### Collected data:
____________________

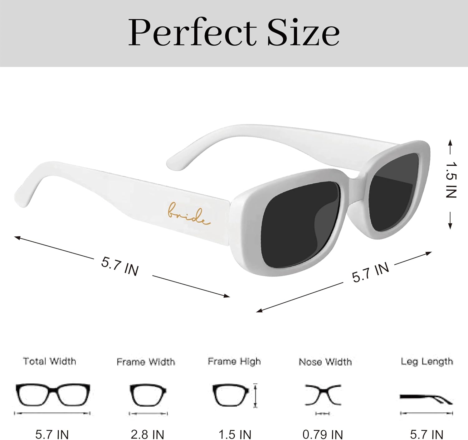 - 【Bridesmaid Sunglasses】 The rectangle frame makes the overall look of the bridesmaid sunglasses more retro. This stylish design allows you look more charming and make it easy for you to match with various outfits at various occasions
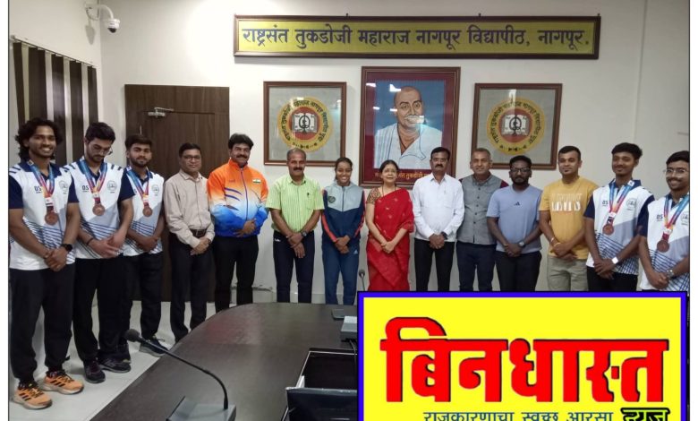 नागपूर : (दि २२) राष्ट्रसंत तुकडोजी महाराज नागपूर विद्यापीठाच्या कराटे संघाने अखिल भारतीय आंतर विद्यापीठ स्पर्धेत तृतीय स्थान पटकावले आहे. अखिल भारतीय आंतर विद्यापीठ स्पर्धेत विद्यापीठाचा नावलौकिक वाढविणाऱ्या कराटे संघाचा माननीय कुलगुरू डॉ. मनाली क्षीरसागर यांच्या हस्ते मंगळवार, दि. २१ एप्रिल २०२६ रोजी सत्कार करण्यात आला.
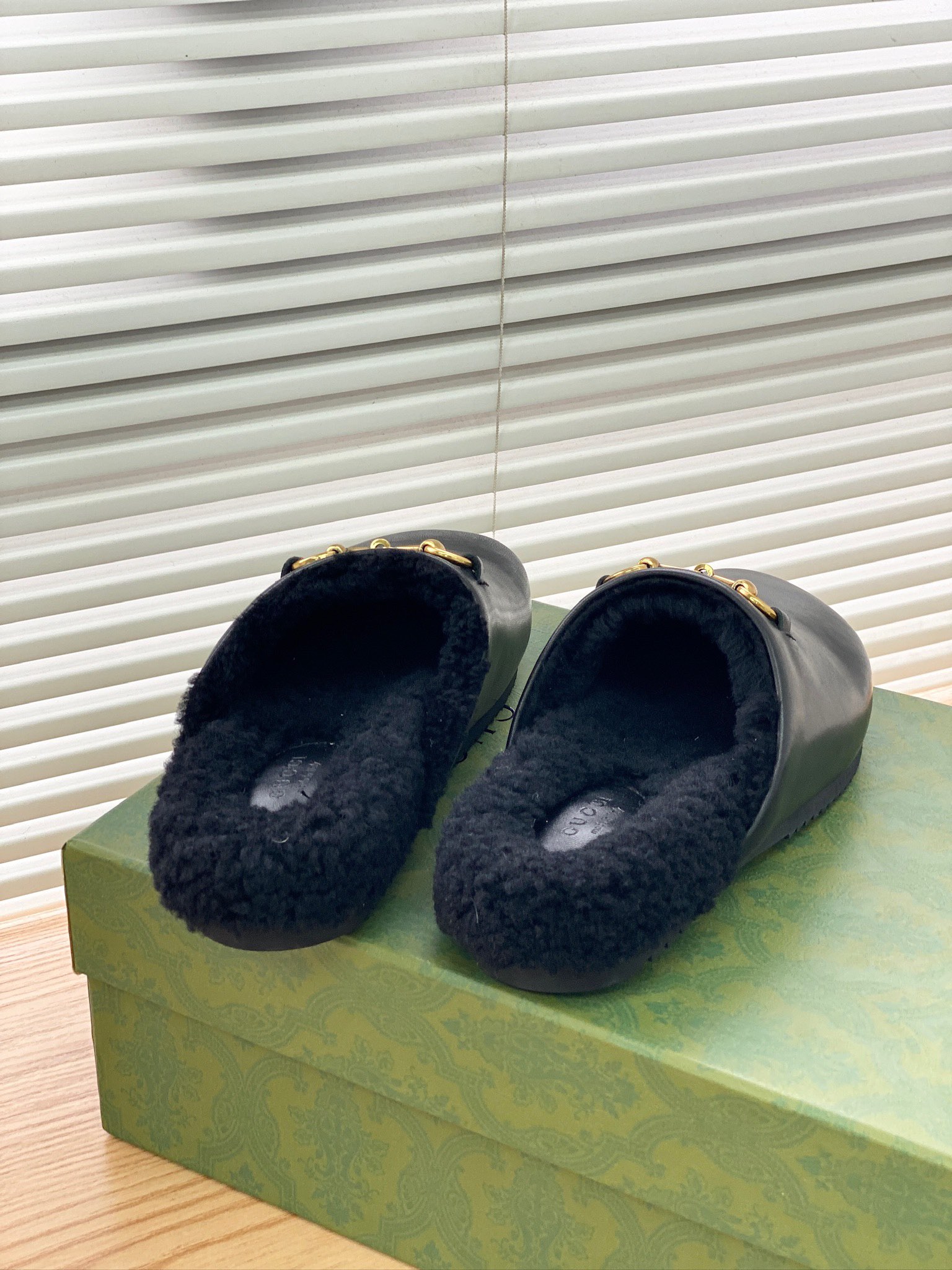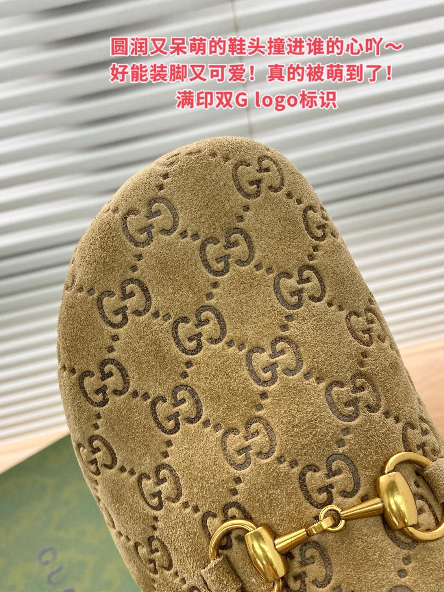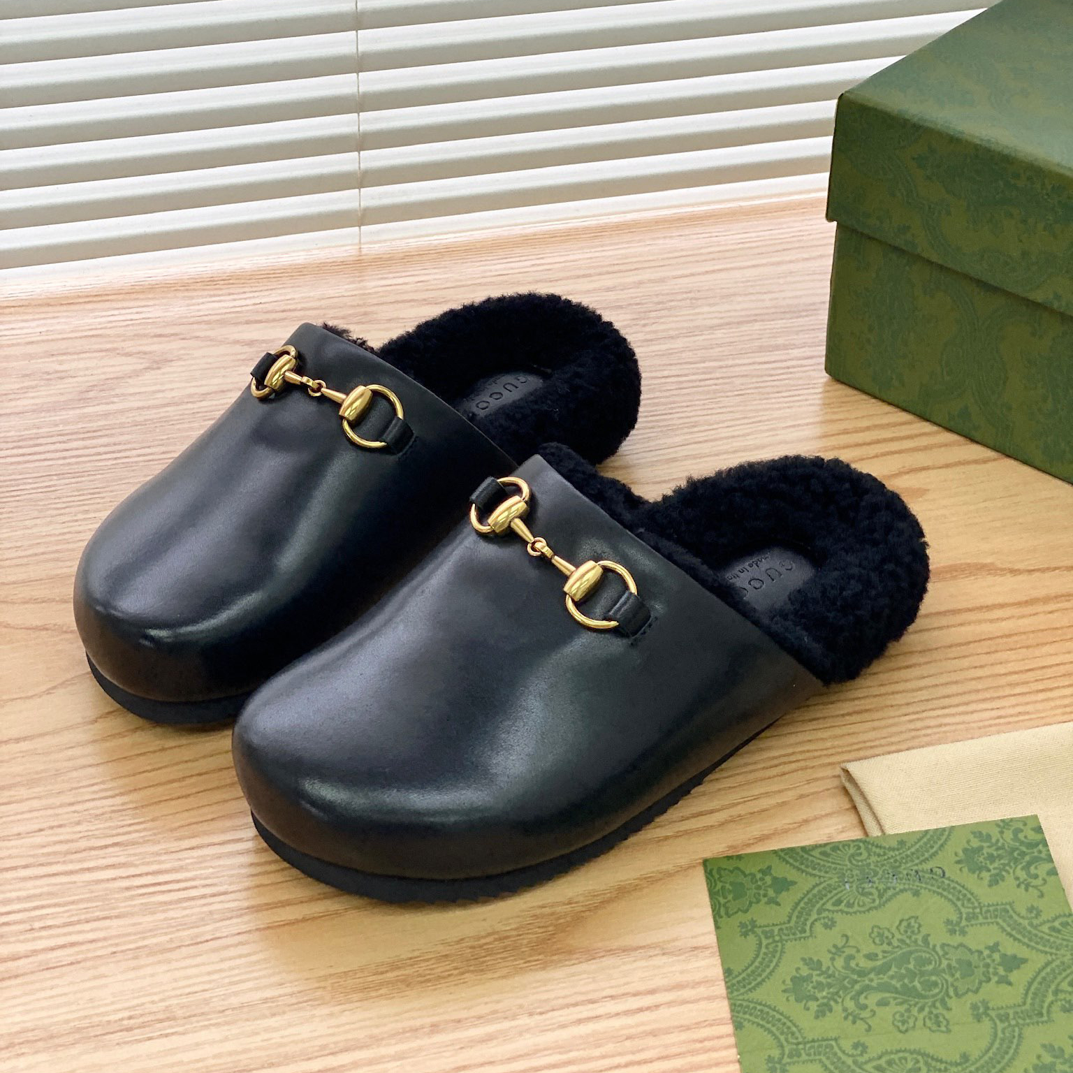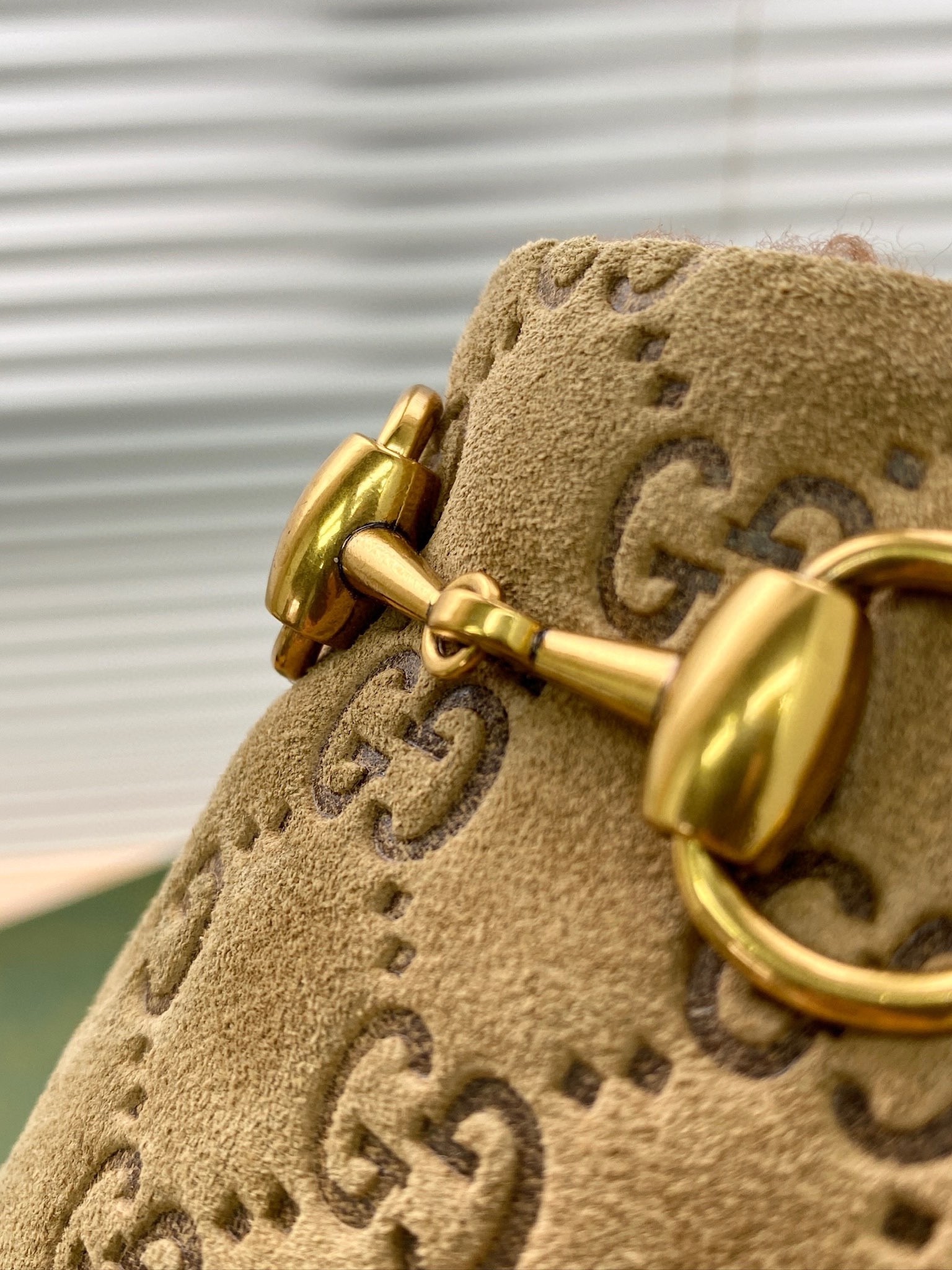 NIGO Gucci Women's Autumn and Winter Suede Alphabet Printed Lamb Suede Slippers Shoes #nigo74337

____________________

### Required work:
Line by line, restate the data above exactly as it stands, minus the pictures.

### Task result:
 - 【Bridesmaid Sunglasses】 The rectangle frame makes the overall look of the bridesmaid sunglasses more retro. This stylish design allows you look more charming and make it easy for you to match with various outfits at various occasions
 नागपूर : (दि २२) राष्ट्रसंत तुकडोजी महाराज नागपूर विद्यापीठाच्या कराटे संघाने अखिल भारतीय आंतर विद्यापीठ स्पर्धेत तृतीय स्थान पटकावले आहे. अखिल भारतीय आंतर विद्यापीठ स्पर्धेत विद्यापीठाचा नावलौकिक वाढविणाऱ्या कराटे संघाचा माननीय कुलगुरू डॉ. मनाली क्षीरसागर यांच्या हस्ते मंगळवार, दि. २१ एप्रिल २०२६ रोजी सत्कार करण्यात आला.
 NIGO Gucci Women's Autumn and Winter Suede Alphabet Printed Lamb Suede Slippers Shoes #nigo74337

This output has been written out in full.